Google displays offensive stereotype as the main definition of ‘Jew’

Google searches for the word “Jew” on Tuesday showed an offensive stereotype as the primary definition of the word.

Search results displayed that the meaning of “Jew” was “to bargain with someone in a miserly or petty way,” the Jerusalem Post first reported.

When clicking on “translations and more definitions,” the origin of the verb was said to be a 19th-century reference to how Jewish people lend and trade money. 

The search result, which Google derived from data at Oxford Languages, had the definition listed as offensive. 

Underneath that was the noun for “Jew,” which said “a member of the people and cultural community whose traditional religion is Judaism and who trace their origins through the ancient Hebrew people of Israel to Abraham.” 
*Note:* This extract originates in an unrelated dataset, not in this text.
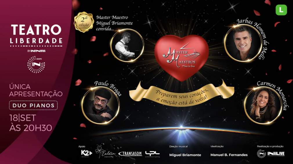 Está chegando a hora de se deixar envolver novamente pela magia dos pianos. Idealizado por Manuel Fernandes e sob direção musical do maestro Miguel Briamonte, “Master Maestros II – Time To Love” chega ao Teatro Liberdade dia 18 de setembro, quarta-feira, 20h30.

That is now the primary definition of the word. The offensive stereotype was removed sometime Tuesday afternoon, but not before it was called out by Jewish organizations such as StopAntisemitism. 
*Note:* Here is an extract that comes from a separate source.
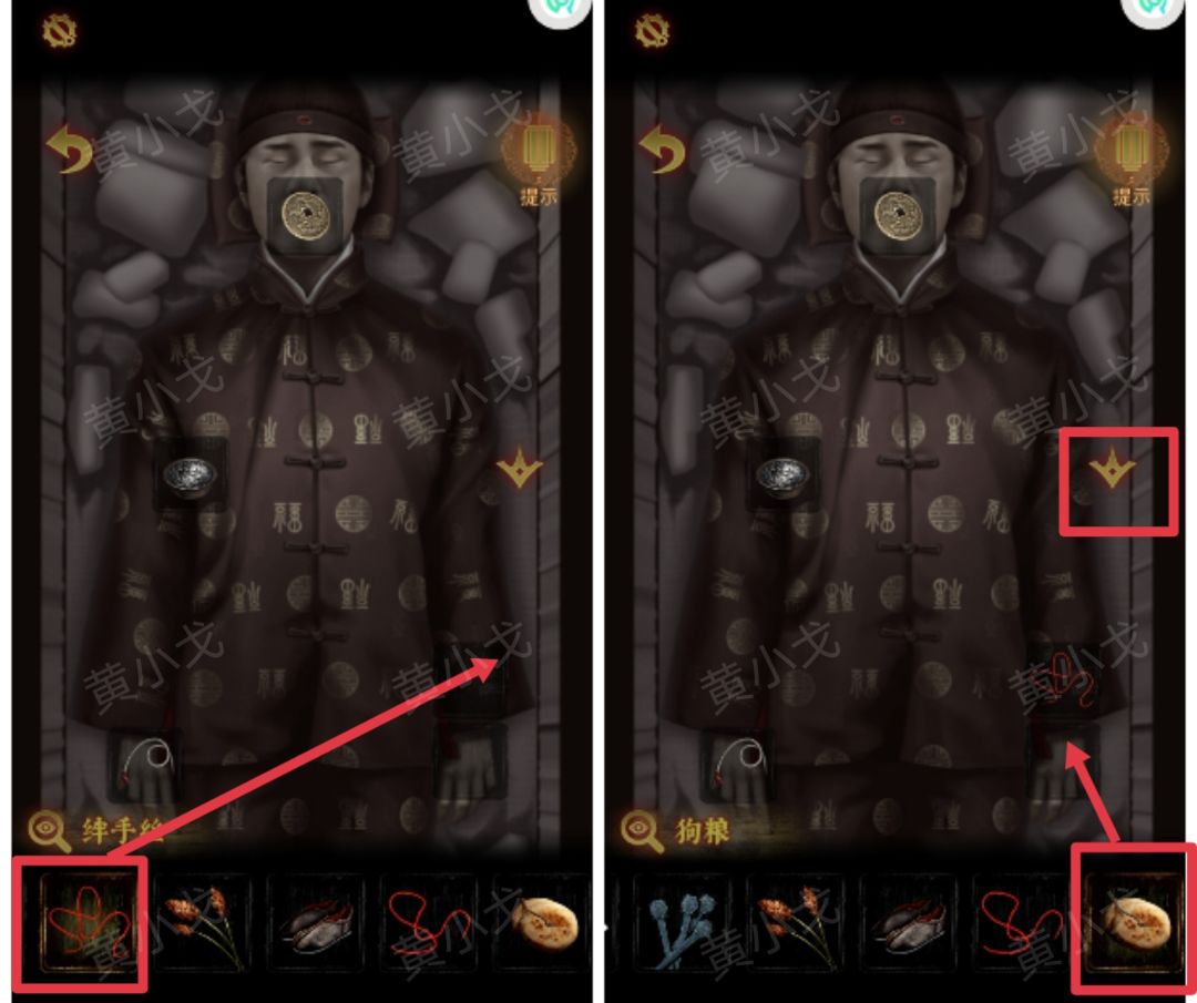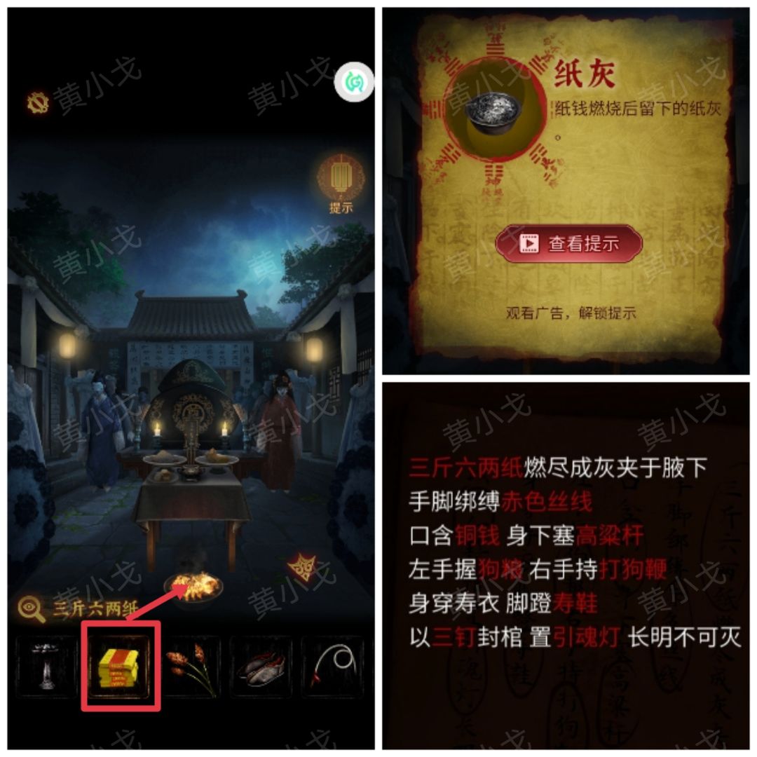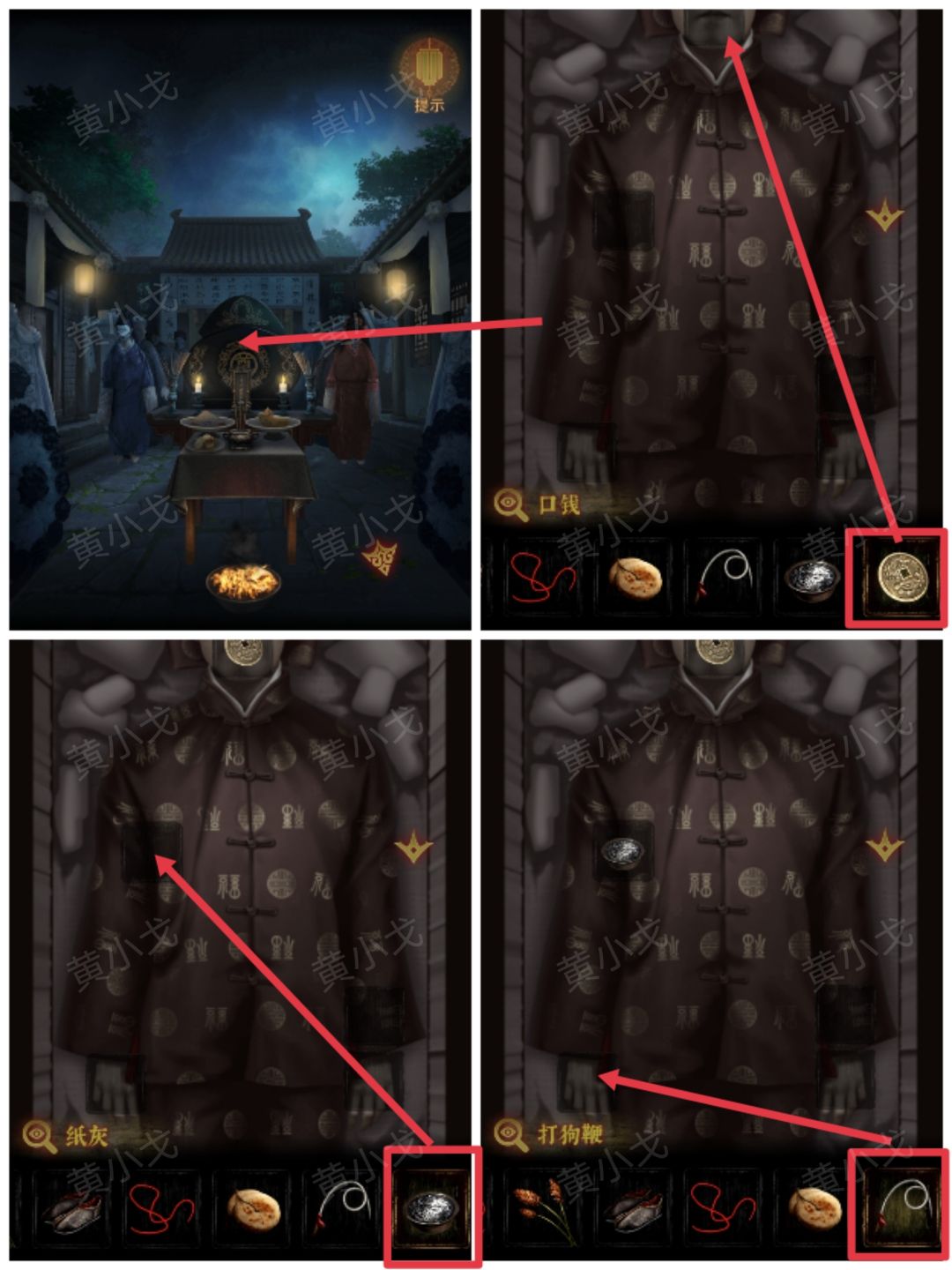 26.点击棺材,根据柜台书上的内容,把【口钱】放入死人嘴巴,【纸灰】放到他腋下,把【打狗鞭】放入右手

Danny Sullivan, Google’s Search Liaison, apologized when replying to tweets that either mentioned the definition or had articles covering it.
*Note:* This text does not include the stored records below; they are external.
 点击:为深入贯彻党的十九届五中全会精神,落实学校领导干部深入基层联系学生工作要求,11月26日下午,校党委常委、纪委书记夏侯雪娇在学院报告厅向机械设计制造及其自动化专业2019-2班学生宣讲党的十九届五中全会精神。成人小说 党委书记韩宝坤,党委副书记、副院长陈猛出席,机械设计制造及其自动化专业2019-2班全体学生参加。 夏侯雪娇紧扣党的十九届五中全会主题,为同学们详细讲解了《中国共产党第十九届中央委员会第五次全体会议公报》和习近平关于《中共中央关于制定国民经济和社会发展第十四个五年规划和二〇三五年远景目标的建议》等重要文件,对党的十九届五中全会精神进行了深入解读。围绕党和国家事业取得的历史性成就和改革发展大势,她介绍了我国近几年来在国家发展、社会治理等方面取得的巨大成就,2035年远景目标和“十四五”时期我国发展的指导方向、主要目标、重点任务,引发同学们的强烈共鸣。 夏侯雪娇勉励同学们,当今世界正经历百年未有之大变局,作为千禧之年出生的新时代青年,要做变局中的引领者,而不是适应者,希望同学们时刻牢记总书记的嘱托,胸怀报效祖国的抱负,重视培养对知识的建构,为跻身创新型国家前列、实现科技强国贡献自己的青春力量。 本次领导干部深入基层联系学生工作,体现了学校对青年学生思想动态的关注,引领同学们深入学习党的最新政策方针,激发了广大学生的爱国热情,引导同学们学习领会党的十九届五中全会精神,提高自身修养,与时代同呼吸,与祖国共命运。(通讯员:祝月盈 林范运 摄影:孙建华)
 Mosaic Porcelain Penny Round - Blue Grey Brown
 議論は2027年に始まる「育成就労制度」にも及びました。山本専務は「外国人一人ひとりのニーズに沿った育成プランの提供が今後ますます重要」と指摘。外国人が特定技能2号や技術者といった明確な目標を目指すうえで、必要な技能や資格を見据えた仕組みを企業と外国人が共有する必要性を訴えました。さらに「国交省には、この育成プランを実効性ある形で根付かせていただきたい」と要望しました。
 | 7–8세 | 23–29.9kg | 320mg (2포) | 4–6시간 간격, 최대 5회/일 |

“Our apologies. Google licenses definitions from third-party dictionary experts. We only display offensive definitions by default if they are the main meaning of a term,” Mr. Sullivan wrote on multiple Twitter threads. “As this is not the case here, we have blocked this & passed along feedback to the partner for further review.”

The Simon Wiesenthal Center, a Jewish human rights organization, said in a statement to Fox News Digital that Google should clear up how this happened.

“This does not appear to be an error but a manipulation to present anti-Semitic definition as [the] main use of [the] word,” the statement said. “Google owes [an] explanation of who did this and why.”